In the tech session, Simon also gave a more detailed description of the plug-in's functionalities, such as extracting metrics so that Checkmk can show the performance of an application. Since the Robot Framework only outputs whether a test succeeded or failed, but not the status and performance of the application, this is a useful extension.
The UX will be further optimized
In the first presentation of the day on the Main Stage, tribe29 founder Mathias Kettner presented the upcoming changes planned for Checkmk's user interface. With the launch of version 2.0, Checkmk has received a completely-redesigned user interface and navigation. The development team is currently working on further improvements to the new UX.
The four new dashboard elements introduced with Checkmk 2.0 are to be complemented by four additional dashlets included in the upcoming feature pack. Among other things, these will display whether a host or service status is OK, WARN or CRIT, or how many hosts or services are OK, WARN or CRIT. Also planned are an event statistics hexagon and an inventory dashlet that displays information from the inventory, for example, the number of available CPU cores.
The participants could vote on a doughnut element as an alternative to the gauge dashlet, or a time range as a bar chart with a drill-down function. Mathias also presented possible extensions to the host hexagon, for example for clustering, or embedding a map in the dashboard.
Other plans for the further development of the UX include the implementation of application-specific dashboards, such as for Linux and Windows servers or vSphere environments, explained Mathias. The dashboards should contain the most important metrics out-of-the-box and thus provide a useful overview.
Other possible innovations presented by Mathias are optional mini-dashboards embedded in the host view. These are intended to provide useful additional information on the respective host. The idea that Checkmk users can share their own dashboards as MKP files via the Exchange was also well-received by the participants. The audience also responded positively to the concept of sharing dashboards via a URL, for example for display on a wallscreen.
Alongside the improvement of the dashboarding in Checkmk the use of individual pages in Checkmk is also to be improved. This includes first of all a clearer structuring of the most frequently-used pages as well as the simplification of the associated workflows. One option Mathias showed, for example, is pop-up windows with suggestions for actions.
Clicking the Activate Changes button then generates a pop-up, for example, that shows where which changes are being made. Furthermore, a pop-up has the advantage that the changes can be activated without having to leave the current page. Another consideration is that Checkmk then suggests any subsequent steps, such as switching to the host view. Another way to simplify workflows would be for Checkmk to check which protocols or agents are running on the system after entering the IP or DNS when adding a host, and then suggest a default configuration for the host.
Another topic Mathias addressed in his presentation was an overhaul of the folder structure. With a new folder management, especially the overview in large environments with many folders should become better. One consideration, for example, is the display of folders in a table view. By clicking on a folder, you could then see which subfolders and/or hosts it contains and which attributes and rules apply to the folder. The plans for the new folder management met great approval among the participants.

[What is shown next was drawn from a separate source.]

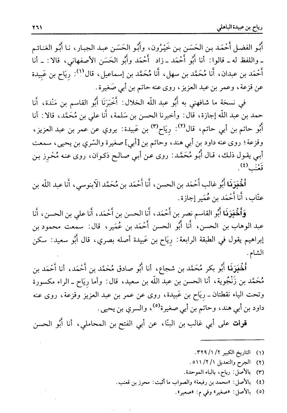 أبو الفضل أحمد بن الحسن بن خيرون وأبو الحسن عبد الجبار نا أبو الغنائم واللفظ له قالوا أنا أبو أحمد زاد أحمد وأبو الحسن الأصفهاني قالا أنا أحمد بن عبدان أنا محمد بن سهل أنا محمد بن إسماعيل قال (1) رياح بن عبيدة عن قزعة وعمر بن عبد العزيز روى عنه حاتم بن أبي صغيرة في نسخة ما شافهني به أبو عبد الله الخلال أخبرنا أبو القاسم بن مندة أنا حمد بن عبد الله إجازة قال وأخبرنا الحسن بن سلمة أنا علي بن محمد قالا أنا أبو حاتم بن أبي حاتم قال (2) رياح (3) بن عبيدة يروي عن عمر بن عبد العزيز وقزعة روى عنه داود بنأبي هند وحاتم بن أبي صغيرة والسري بن يحيى سمعت أبي يقول ذلك قال أبو محمد روى عن أبي صالح ذكوان روى عنه محرز بن قعنب (4) أخبرنا أبو غالب أحمد بن الحسن أنا أحمد بن محمد الآبنوسي أنا عبد الله بن عتاب أنا أحمد بن عمير إجازة وأخبرنا أبو القاسم نصر بن أحمد أنا الحسن بنأحمد أنا علي بن الحسن أنا عبد الوهاب بن الحسن أنا أبو الحسن أحمد بن عمير قال سمعت محمود بن إبراهيم يقول في الطبقة الرابعة رياح بن عبيدة أصله بصري قال أبو سعيد سكن الشام أخبرنا أبو بكر محمد بن شجاع أنا أبو صادق محمد بن أحمد أنا أحمد بن محمد بن زنجوية أنا الحسن بن عبد الله بن سعيد قال وأما رياح الراء مكسورة وتحت الياء نقطتان رياح بن عبيدة روى عن عمر بن عبد العزيز وقزعة روى عنه داود بن أبي هند وحاتم ابن أبي صغيرة (5) والسري بن يحيى قرأت على أبي غالب بن البنا عنابي الفتح بن المحاملي أما أبو الحسن

Monitoring from the cloud with Checkmk
Another major item on the agenda for the further development of Checkmk is the expansion of the existing hybrid cloud monitoring. In his presentation, Thomas Lippert, Product Manager at tribe29, outlined the four areas that are currently in focus. These are improving the cloud-native experience by making it easier to set up Checkmk in the cloud, and simplifying configuration so that on-premises assets can be monitored more easily from the cloud. It also includes better handling of dynamic workloads and expanding the number of cloud services that can be monitored by Checkmk, according to Thomas.
In the future, it will be possible to obtain Checkmk via the AWS Marketplace and later also directly in Microsoft Azure. The Checkmk image can be set up as an EC2 instance in the cloud in a matter of minutes. Licensing for AWS can be done via bring-your-own-license or via platform licensing. The monitoring instance is also already preconfigured for secure cloud use, Thomas emphasized.
Once configured, Checkmk should make it possible to monitor both cloud and on-premises assets from the cloud. However, this requires us to change the direction in which the agent transmits the data, Thomas explained. The 'Push Agent' developed for this purpose will collect the monitoring data and then transmit it to the monitoring server to avoid firewall issues. The transfer of data to the cloud is encrypted via TLS. Checkmk also compresses the data to minimize the cost of data transfer in the cloud. For more data economy, the standard rate for the 'data push' is also to be reduced.
For on-premises devices – such as SNMP devices – on which no agent installation is possible, the introduction of a local SNMP proxy in the network environment is planned. This 'Checkmk Light' proxy takes over the active monitoring of the SNMP components, including the processing of SNMP traps. The SNMP proxy then transmits its aggregated results to the cloud.
To monitor dynamic workloads in the cloud, these should be able to register themselves with Checkmk, which then automatically adds them to the monitoring. Based on the configuration, labels and application rules, Checkmk assigns these hosts to a folder and applies the rules set on the folders. The services on the host will be detected automatically.
In addition, the monitoring of cloud services will also be further expanded. For AWS, this may include AuroraDB, DocumentDB, SQS and Lambda. Participants also voted for the option to be able to monitor AWS ECS, AWS Health or AWS Route 52 with Checkmk.
For Azure, monitoring is to be extended to the Database for PostgreSQL/MySQL, CosmosDB, Service Bus and Load Balancer services. The conference participants also requested monitoring for the Service Health and Traffic Manager services.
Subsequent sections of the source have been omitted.